Following this report of the committee on general welfare, the amendment was enacted, effective June 16, 1931. In the light of the history of that amendment, combined with the terms in which *61it is expressed and its inconsistency with other licensing provisions if construed differently, we think it can have no application to theatres and that the commissioner of licenses is accordingly without jurisdiction to suspend or revoke such a license. Nor is there force in the suggestion that if the commissioner has power to refuse the renewal of the license for a theatre (Matter of Rudhlan Amusement Corp. v. Geraghty, 146 Misc. 308) he must also have the power to suspend or revoke. The case cited fully recognized that these powers differ both in nature and effect. That they are different is very evident from the fact alone that where the commissioner refuses to renew a license, the licensee does not lose the amount paid as a license fee, while if the license is revoked or suspended the licensee may lose the greater part of the amount so paid.
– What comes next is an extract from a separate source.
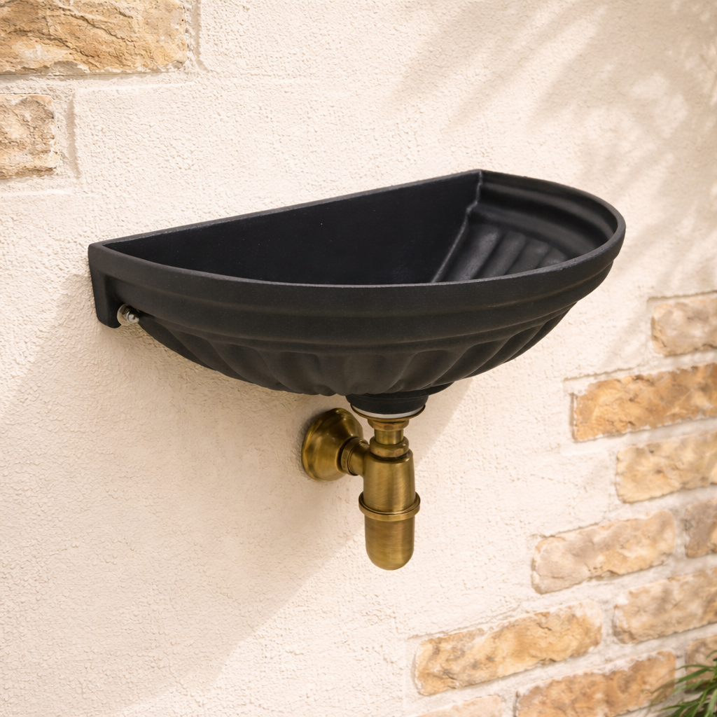 Vasca a muro Versilia con sifone in ottone brunito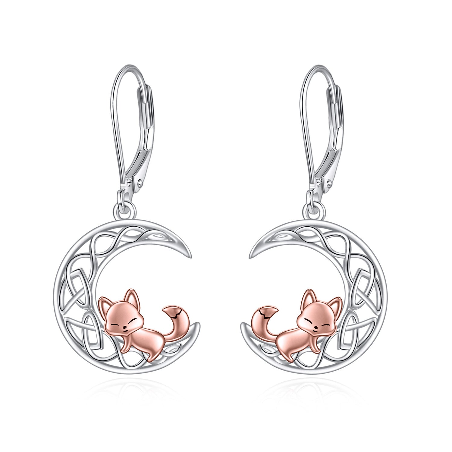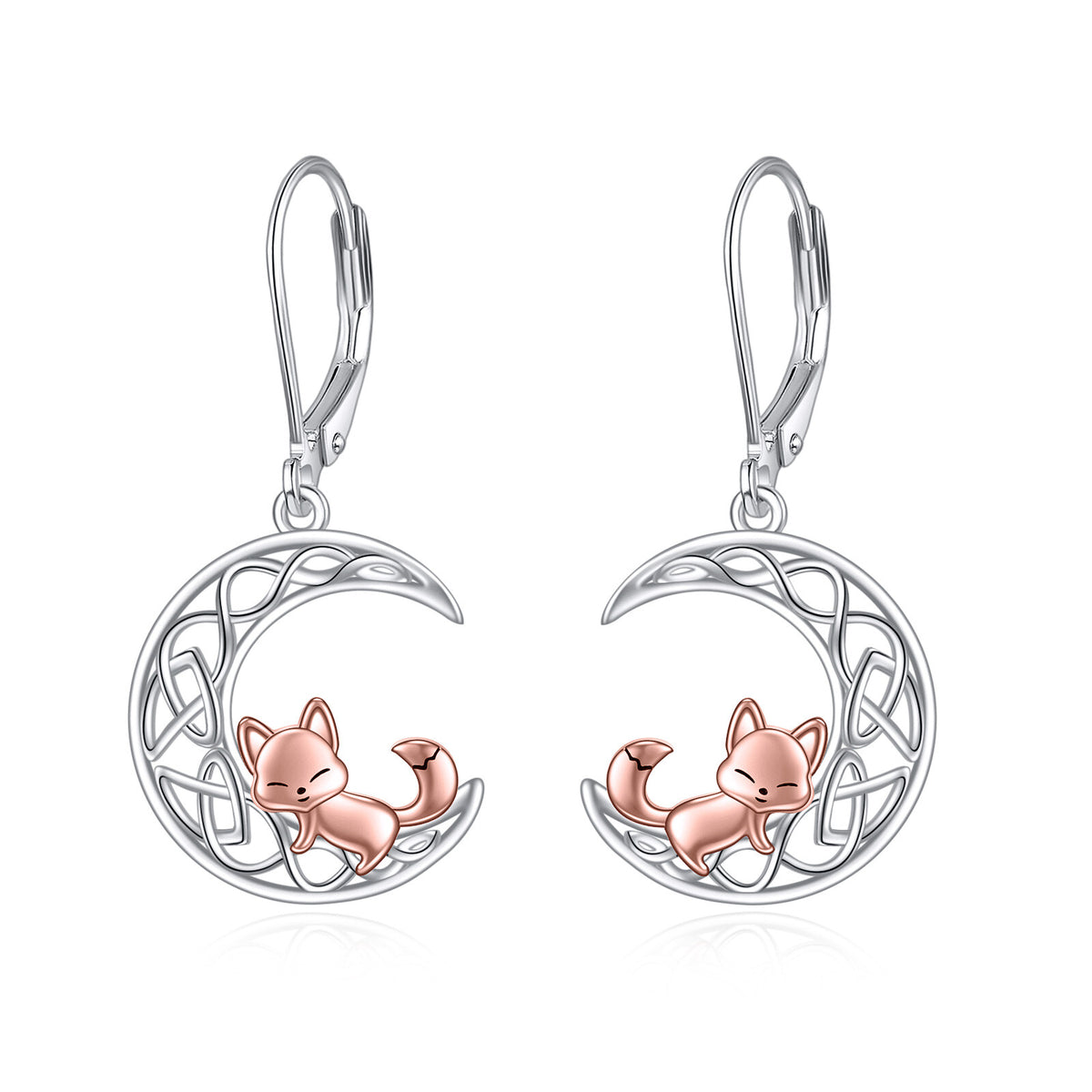 Sterling Silver Two-Tone Fox & Moon With Celtic Knot Lever-Back Earrings For Women

If the commissioner has no such jurisdiction, then, of course, he cannot exercise the power of revocation, even after a hearing and for reasonable cause. If there is no such jurisdiction, then also, the plaintiff’s consent to conform to the regulations of the department of licenses with respect to the nature of the exhibitions, given without waiver of any legal rights, is ineffectual to vest the commissioner with jurisdiction over subject-matter which is not conferred by law. (Compare Benson v. Eastern Bldg. & Loan Assn., 174 N. Y. 83; Meacham v. Jamestown, F. & C. R. R. Co., 211 id. 346; Dudley v. Mayhew, 3 id. 9; Davidsburgh v. Knickerbocker Life Ins. Co., 90 id. 526, 530; Cooley Const. Lim. [5th ed.] p. 493.)

The order should be reversed, with twenty dollars costs and disbursements, and the motion for an injunction pendente lite granted.

McAvoy and O’Malley, JJ., concur; Martin, P. J., and Merrell, J., dissent and vote for affirmance.